Return all of the data that follows precisely, leaving every image out.

> _Data shown_:

━━━━━━━━━━

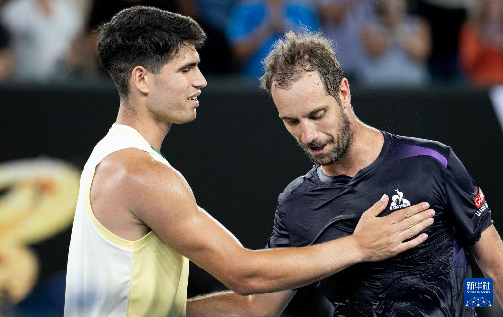 1月16日,阿尔卡拉斯(左)与加斯奎特在赛后互相致意。新华社发(胡泾辰摄)
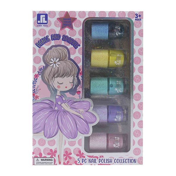 Набор лаков Zyra Toys на водной основе с блестками 5цв с 3лет
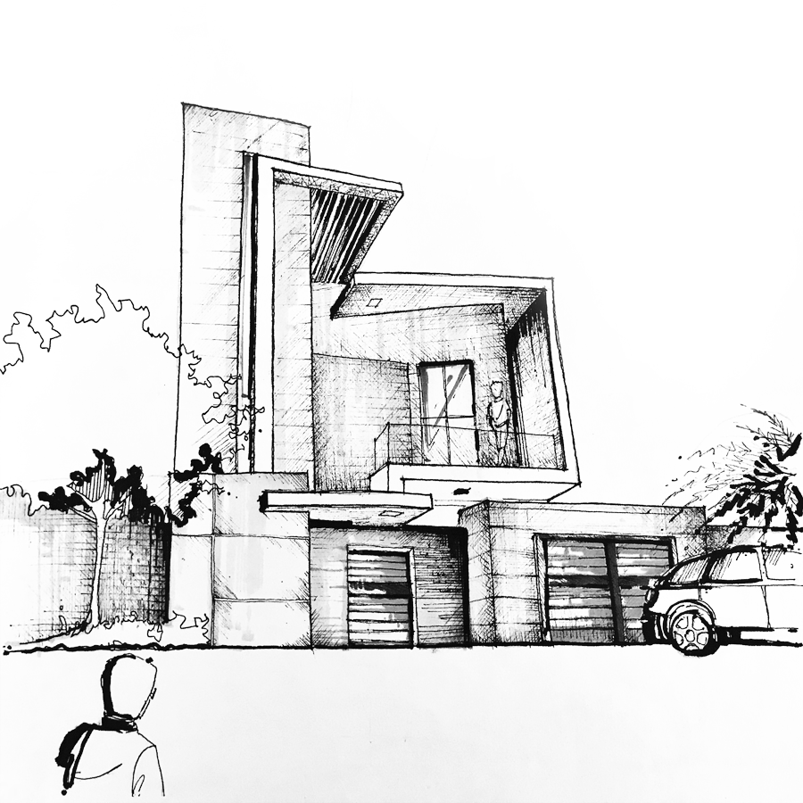 درخواست اولیه مشتری، طراحی ویلا با 3 اتاق خواب در طبقه همکف با یک منطقه 20 * 10 بود. با توجه به قوانین و مقررات شهرداری و عدم امکان ایجاد یک لابی بزرگ، یک ساختمان بزرگ دوبلکس به مشتری ارائه شد. در طبقه اول، یک تالار مربع در دو سطح، اتاق خواب و تخت مخصوص برای مهمانان و آشپزخانه طراحی شده است. در طبقه بالا، یک اتاق خواب اصلی، اتاق خواب 2 اتاق با خدمات جداگانه و توالت، آشپزخانه (اصلی و یک آشپزخانه پخت و پز) و یک سالن خصوصی برنامه ریزی شده است. یک فضای 25 متر مربعی برای حمایت از یک فضای فروشگاه و سرویس بر روی سقف ساختمان استفاده می شود. تراورتن مواد انتخابی در مقابل ساختمان است. با استفاده از خطوط طولی و عرضی قوی، عناصر تراس و کج، فضاهای مثبت و منفی را ایجاد می کنند. کنتراست تاریک و نور و فضای داخلی به رنگ روشن. با استفاده از یک شبکه در پایه، یک جدایی عمودی زیبا از سالن اصلی را ایجاد می کند که در نتیجه فضای ویژه ای صمیمی می شود. از آنجایی که این ساختمان در شهر مشهد واقع در اهواز واقع شده است، شیشه ضد گلوله در این ساختمان به منظور افزایش ایمن است.
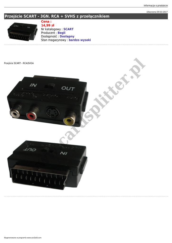 Informacje o produkcie Utworzono 04-03-2017 Przejście SCART - 3GN. RCA + SVHS z przełącznikiem Cena : 14,99 zł Nr katalogowy : SCART Producent : Begli Dostępność : Dostępny Stan magazynowy : bardzo wysoki w w w .c ar d sp lit te r .p l Przejście SCART - RCA/SVGA Wygenerowano w programie www.oscGold.com

━━━━━━━━━━

> _Task output_:
 1月16日,阿尔卡拉斯(左)与加斯奎特在赛后互相致意。新华社发(胡泾辰摄)
 Набор лаков Zyra Toys на водной основе с блестками 5цв с 3лет
 درخواست اولیه مشتری، طراحی ویلا با 3 اتاق خواب در طبقه همکف با یک منطقه 20 * 10 بود. با توجه به قوانین و مقررات شهرداری و عدم امکان ایجاد یک لابی بزرگ، یک ساختمان بزرگ دوبلکس به مشتری ارائه شد. در طبقه اول، یک تالار مربع در دو سطح، اتاق خواب و تخت مخصوص برای مهمانان و آشپزخانه طراحی شده است. در طبقه بالا، یک اتاق خواب اصلی، اتاق خواب 2 اتاق با خدمات جداگانه و توالت، آشپزخانه (اصلی و یک آشپزخانه پخت و پز) و یک سالن خصوصی برنامه ریزی شده است. یک فضای 25 متر مربعی برای حمایت از یک فضای فروشگاه و سرویس بر روی سقف ساختمان استفاده می شود. تراورتن مواد انتخابی در مقابل ساختمان است. با استفاده از خطوط طولی و عرضی قوی، عناصر تراس و کج، فضاهای مثبت و منفی را ایجاد می کنند. کنتراست تاریک و نور و فضای داخلی به رنگ روشن. با استفاده از یک شبکه در پایه، یک جدایی عمودی زیبا از سالن اصلی را ایجاد می کند که در نتیجه فضای ویژه ای صمیمی می شود. از آنجایی که این ساختمان در شهر مشهد واقع در اهواز واقع شده است، شیشه ضد گلوله در این ساختمان به منظور افزایش ایمن است.
 Informacje o produkcie Utworzono 04-03-2017 Przejście SCART - 3GN. RCA + SVHS z przełącznikiem Cena : 14,99 zł Nr katalogowy : SCART Producent : Begli Dostępność : Dostępny Stan magazynowy : bardzo wysoki w w w .c ar d sp lit te r .p l Przejście SCART - RCA/SVGA Wygenerowano w programie www.oscGold.com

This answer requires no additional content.